Scrivono queste parole le alunne della terza elementare, sezione D, nell’anno scolastico 1915-‐
1916. Su iniziativa della loro maestra, Carlotta Della Torre, acquistarono la lana e confezionarono degli indumenti da destinare ai soldati al fronte. Ho recuperato questa testimonianza all’interno del volume di prossima pubblicazione che Carmen Taborelli Rovati ha dedicato a La solidarietà dei Trevigliesi durante la prima guerra mondiale.
In questa testimonianza si parla di un legame con il fronte, di una relazione con la vita quotidiana, della consapevolezza dei piccoli gesti e della volontà di credere in un ideale, la Patria, che può portare alla richiesta dell’estremo sacrificio.
L’ho trovata una testimonianza attuale, capace di suscitare in ciascuno di noi un ricordo non formale ma “caldo” –oserei dire-‐ di che cosa può significare la guerra nei suoi riflessi quotidiani; è anche, credo, una testimonianza immediata di un senso forte della comunità, costruito sulla consapevolezza della appartenenza a un ambiente comune all’interno della quale i grandi gesti (la campagna militare) e i piccoli gesti (i sacrifici e le rinunce di queste 51 alunne iscritte alla terza elementare) si fondono nella volontà di essere, insieme, artefici di un grande destino di gloria.
Il volume della signora Carmen Taborelli Rovati ci aiuta ad entrare in quella Treviglio che, tra il 1915 ed il 1918, visse il dramma della guerra provando a reagire con opere di misericordia, sostegno e solidarietà che seppero mettere in luce una comunità viva e vitale pur nelle nebbie della guerra; ci racconta le storie di uomini, come noi, alle prese con una grande situazione di crisi che comportò il cambio radicale e violento del vivere quotidiano per molte famiglie, alle prese con l’incontro-‐scontro con la guerra.
Il nostro ricordo, oggi, deve essere pertanto un incontro non solo con testimonianze storiche, lontane nel tempo se non nello spazio, di eventi che ci sembrano ininfluenti. Siamo, invece, figli delle scelte che allora si posero in atto, della solidarietà ricercata tra trevigliesi e attuata con il concorso unanime ed immediato dell’intera popolazione non impegnata al fronte. Siamo, in un
certo qual modo, figli di quel “piccolo dono” che le alunne di una maestra di scuola elementare seppero produrre, sacrificandosi per un bene più grande di quello proprio ed immediato.

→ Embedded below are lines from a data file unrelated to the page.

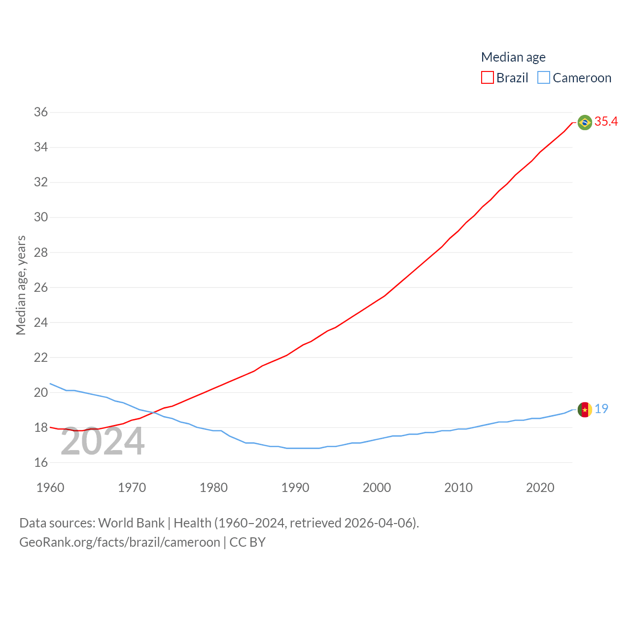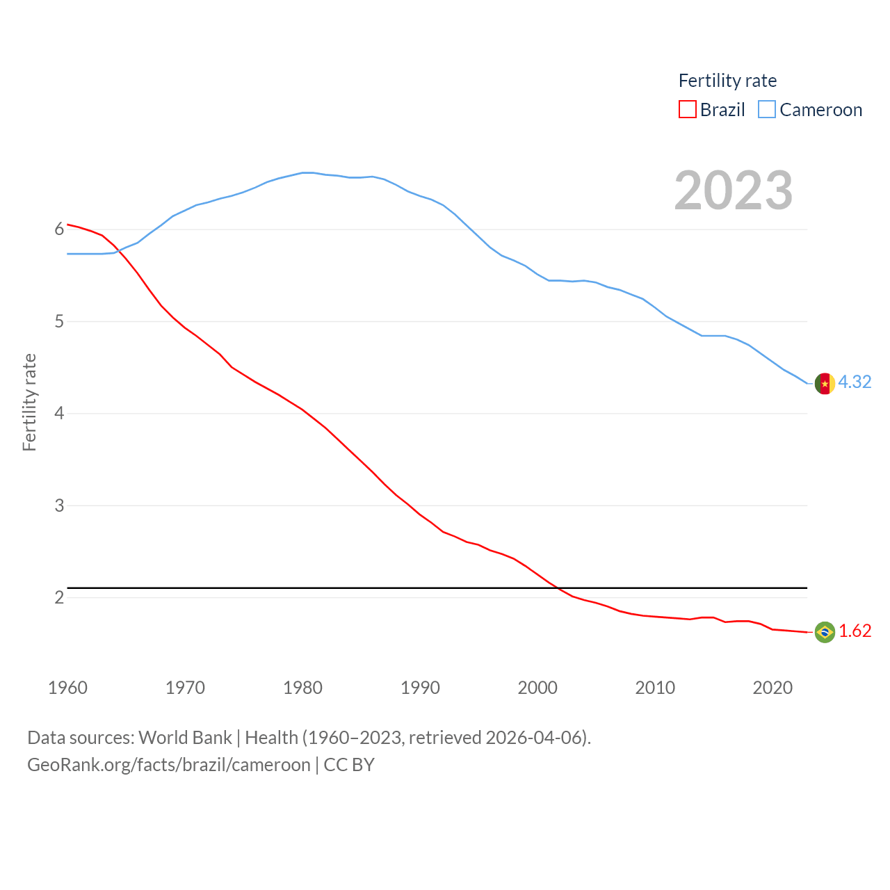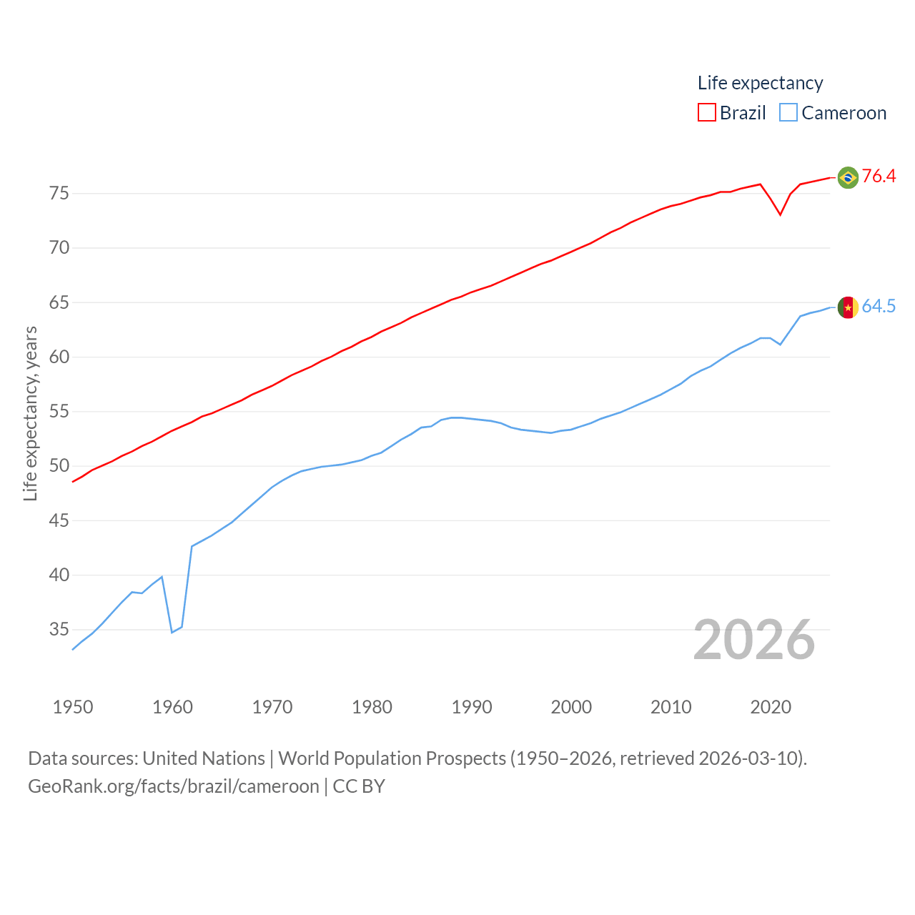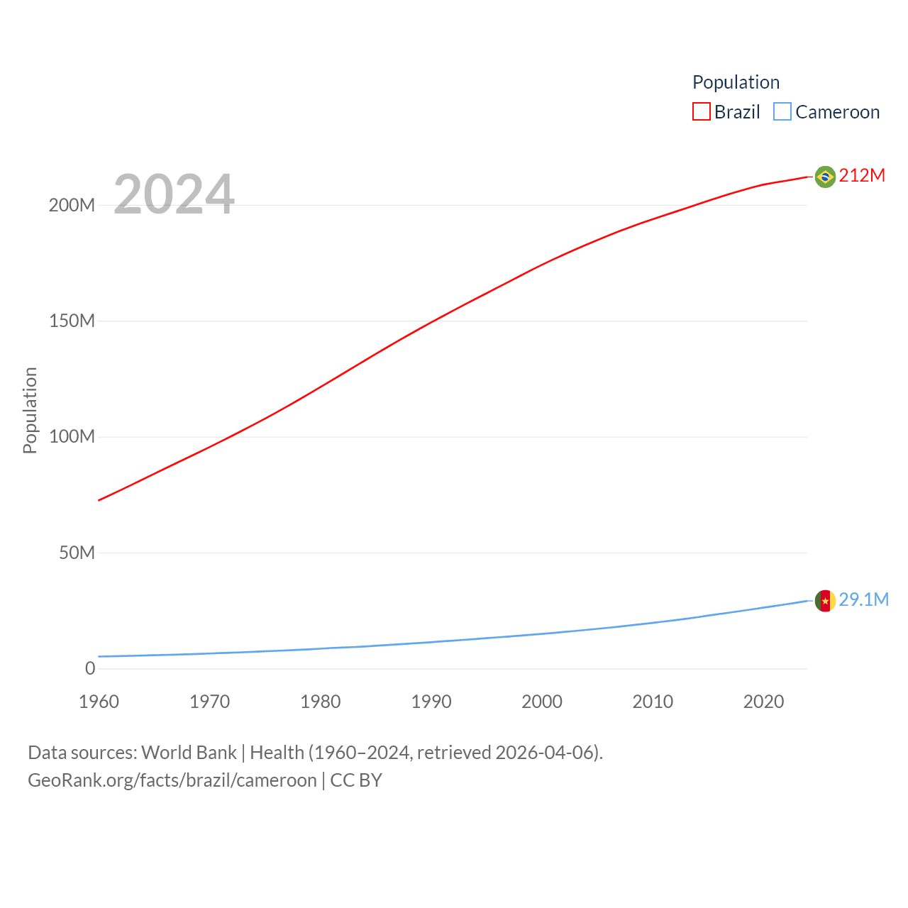Brazil has a population of 212M (ranked 7/197), compared with 29.1M in Cameroon (ranked 52/197). Brazil's land area is 3,227,096 sq mi versus 182,514 sq mi for Cameroon (ranked 5th vs. 52nd).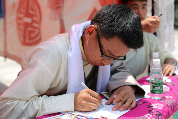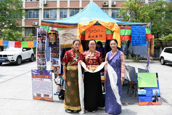 At 10 am on June 11, the Tibetan cultural show was unveiled in Qinxin Square, consisting of five sections: Tibetan Food, Tibetan Souvenirs, Tibetan Clothing, Tibetan Names and Tibet Tour.
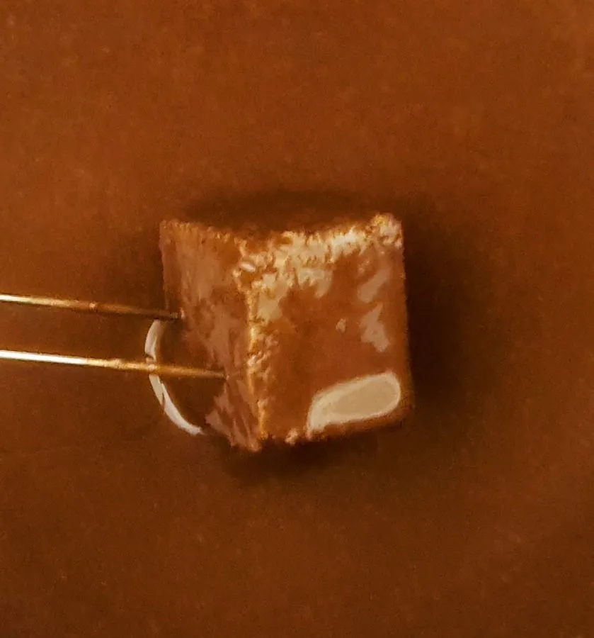 • Mit einer Pralinengabel immer 4 Würfel in den Schmelztopf legen und gut 5 Minuten (geht länger auch), in der Schokotunke ziehen lassen. Mit einer Pralinengabel aufspießen und abtropfen lassen.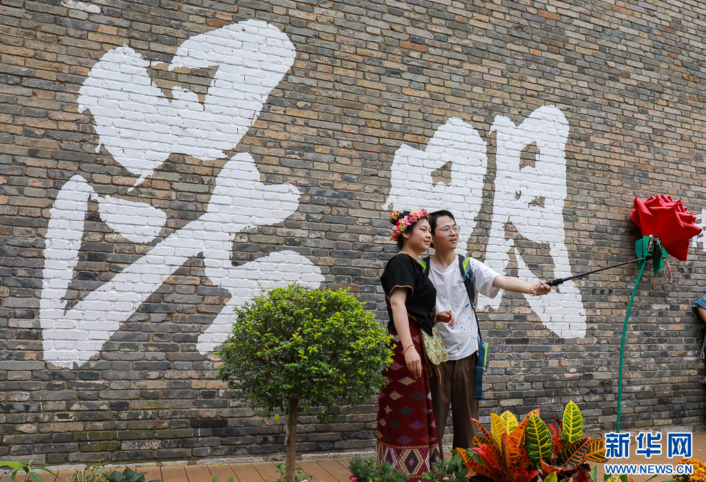 游客在昆明老街网红打卡墙拍照(10月4日摄)。新华网发(郑益 摄)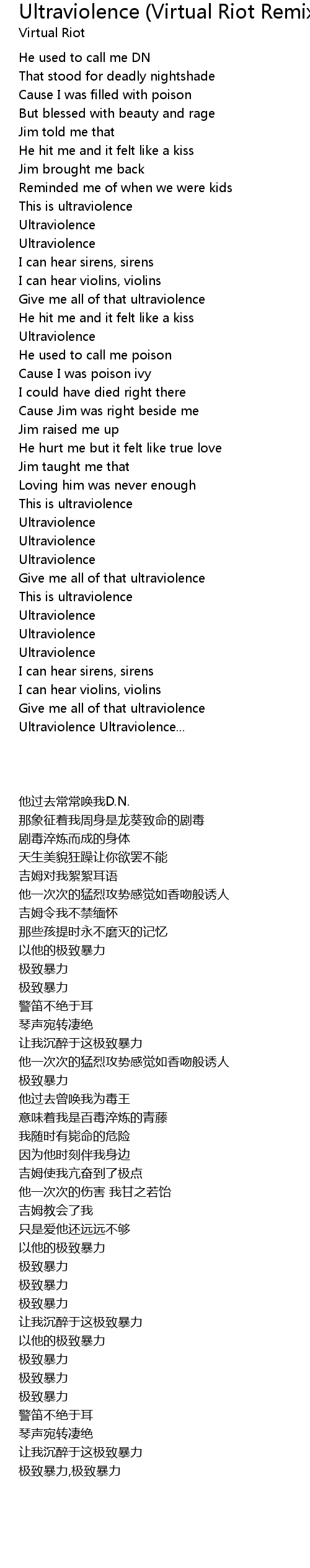 Ultraviolence (Virtual Riot Remix) 歌词

Ci aiuti la giornata odierna a riscoprire, proprio grazie a questa testimonianza, al valore che s’è consolidato nel tempo, ai segni ed ai monumenti con cui chi ci ha preceduto ha voluto eternare quelle vicende, ci aiuti –dicevo– a riscoprire le ragioni della pace e della non-‐violenza, il calore della famiglia e degli affetti, la disponibilità al sacrificio per la Patria, la volontà di essere una comunità unita e coesa, capace di aiutare chi è in situazione di difficoltà, attenta ai bisogni dei meno fortunati e capace, sempre, di fare il bene.
Riprendiamo la citazione iniziale e pensiamo, cambiando prospettiva, alla gratitudine di quei trevigliesi che, impegnati al fronte, ebbero la fortuna di ricevere quei piccoli lavoretti in lana;
erano segni di affetto, vicinanza, sostegno e, soprattutto, erano accompagnati da quelle commoventi parole.
Tocca a noi oggi tenere vivo un gesto di affetto, vicinanza e gratitudine per quegli stessi militari che morirono nell’adempimento dei loro compiti. Il loro sacrificio, che oggi ricordiamo commossi, sia vivo in ciascuno di noi quale segno concreto della disponibilità a spendersi per gli altri.
Nel 150° anniversario dell’unità d’Italia, frutto di sacrifici e di sangue, in un contesto economico di crisi che torna a chiederci il coraggio delle grandi scelte e del superamento della mera
contingenza, ai caduti di allora, ai caduti di sempre, Treviglio con gratitudine e riconoscenza, ispirandosi a loro come esempi concreti di costruzione del bene per tutti, ha riconosciuto, riconosce e continui a riconoscere onore e gloria.